[PROVIDED MATERIAL]
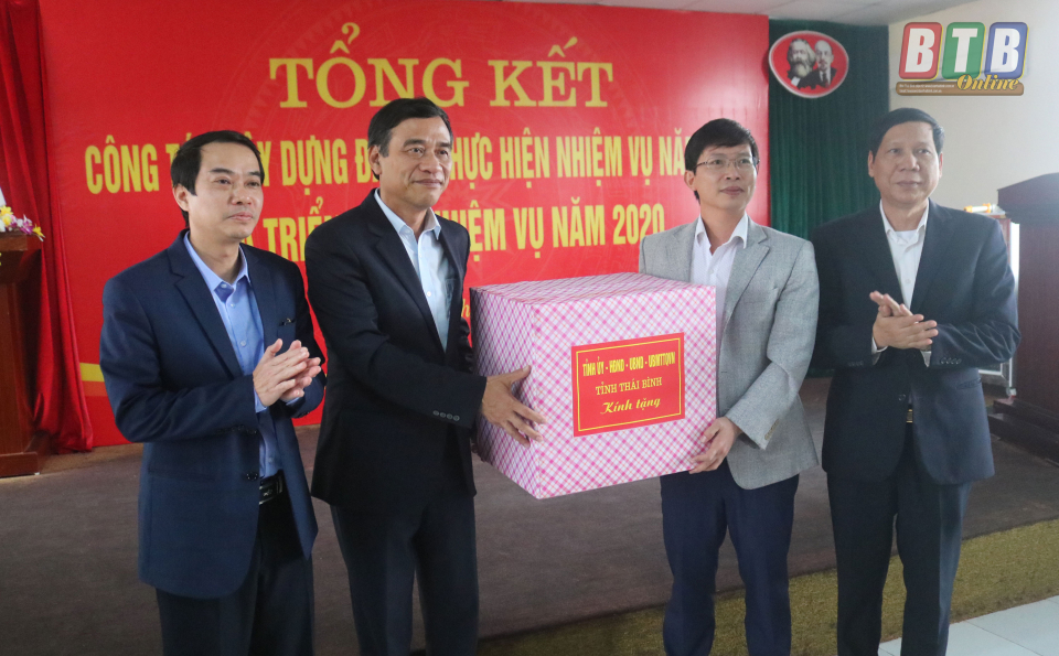 Đồng chí Đặng Trọng Thăng, Phó Bí thư Tỉnh ủy, Chủ tịch UBND tỉnh; đồng chí Vũ Mạnh Hiền, Tỉnh ủy viên, Phó Chủ tịch HĐND tỉnh cùng lãnh đạo Sở Lao động - Thương binh và Xã hội tặng quà tết cho cán bộ địa phương.
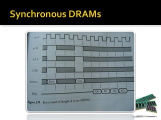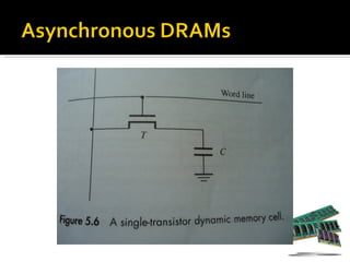 The document discusses the organization and operation of dynamic random access memory (DRAM). DRAM uses capacitors to store bits of data in memory cells that must be periodically refreshed. It describes how DRAM cells are arranged in a grid structure with rows and columns, and how row and column addresses are used to access individual cells. The document also explains techniques like fast page mode that allow for faster access to blocks of data within the same row without needing to reselect the row address.
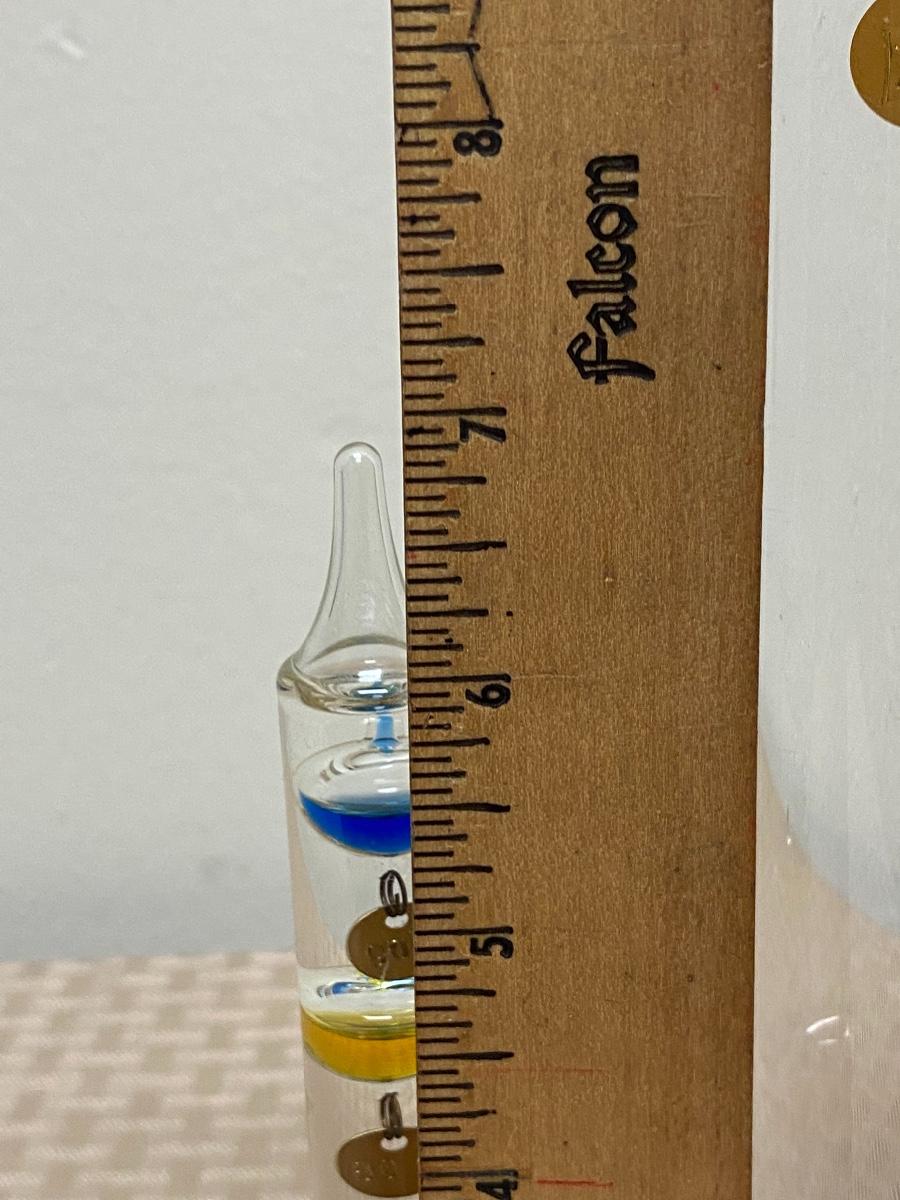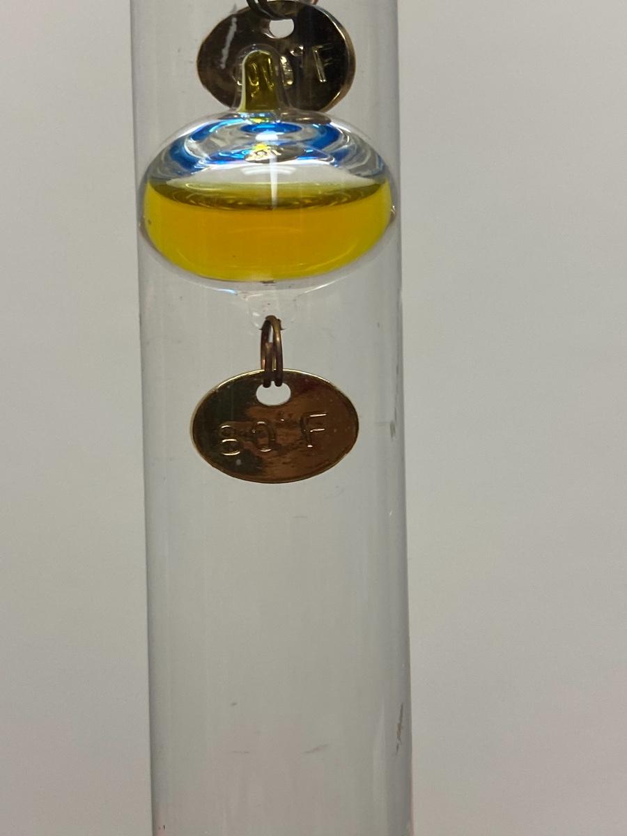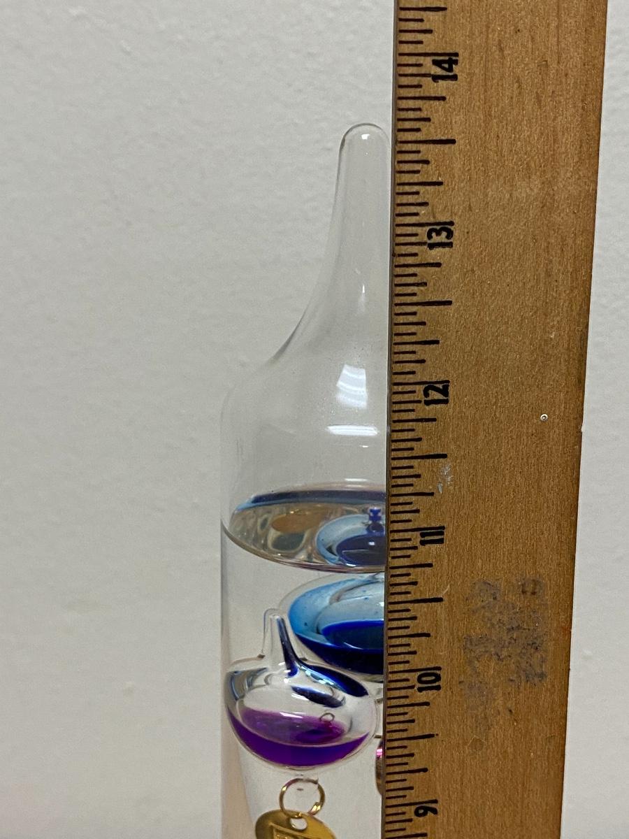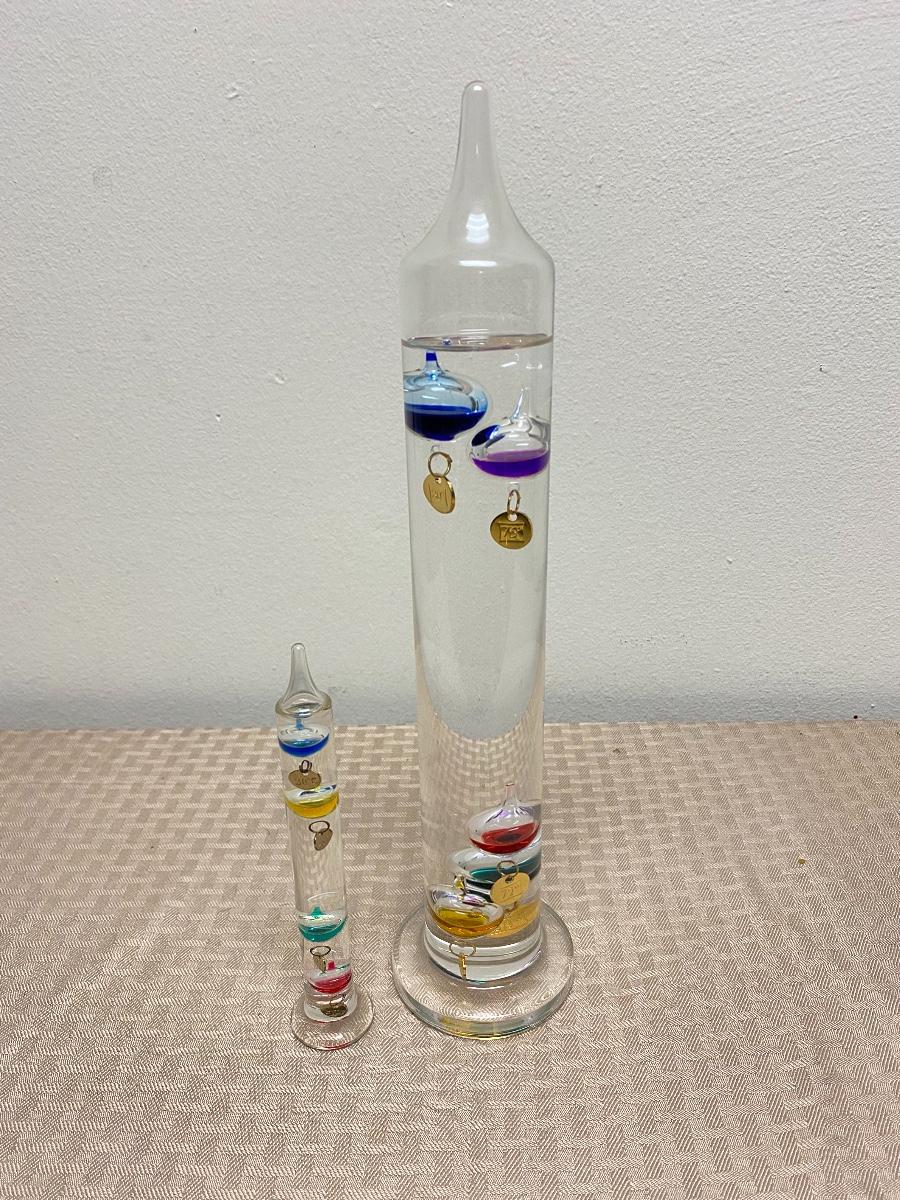 Pair of Bubble Glass Galileo Table Top Thermometers. Small one is 7" size, has Fahrenheit and Celsius reading on tag. Large one is about 13.5" and only had Fahrenheit reading on tag.

[EXERCISE OBJECTIVE]
Repeat verbatim the lines between the start of the data and the line containing "The document discusses", both ends included, omitting all pictures.

[SOLUTION FOR THIS PROBLEM]
 Đồng chí Đặng Trọng Thăng, Phó Bí thư Tỉnh ủy, Chủ tịch UBND tỉnh; đồng chí Vũ Mạnh Hiền, Tỉnh ủy viên, Phó Chủ tịch HĐND tỉnh cùng lãnh đạo Sở Lao động - Thương binh và Xã hội tặng quà tết cho cán bộ địa phương.
 The document discusses the organization and operation of dynamic random access memory (DRAM). DRAM uses capacitors to store bits of data in memory cells that must be periodically refreshed. It describes how DRAM cells are arranged in a grid structure with rows and columns, and how row and column addresses are used to access individual cells. The document also explains techniques like fast page mode that allow for faster access to blocks of data within the same row without needing to reselect the row address.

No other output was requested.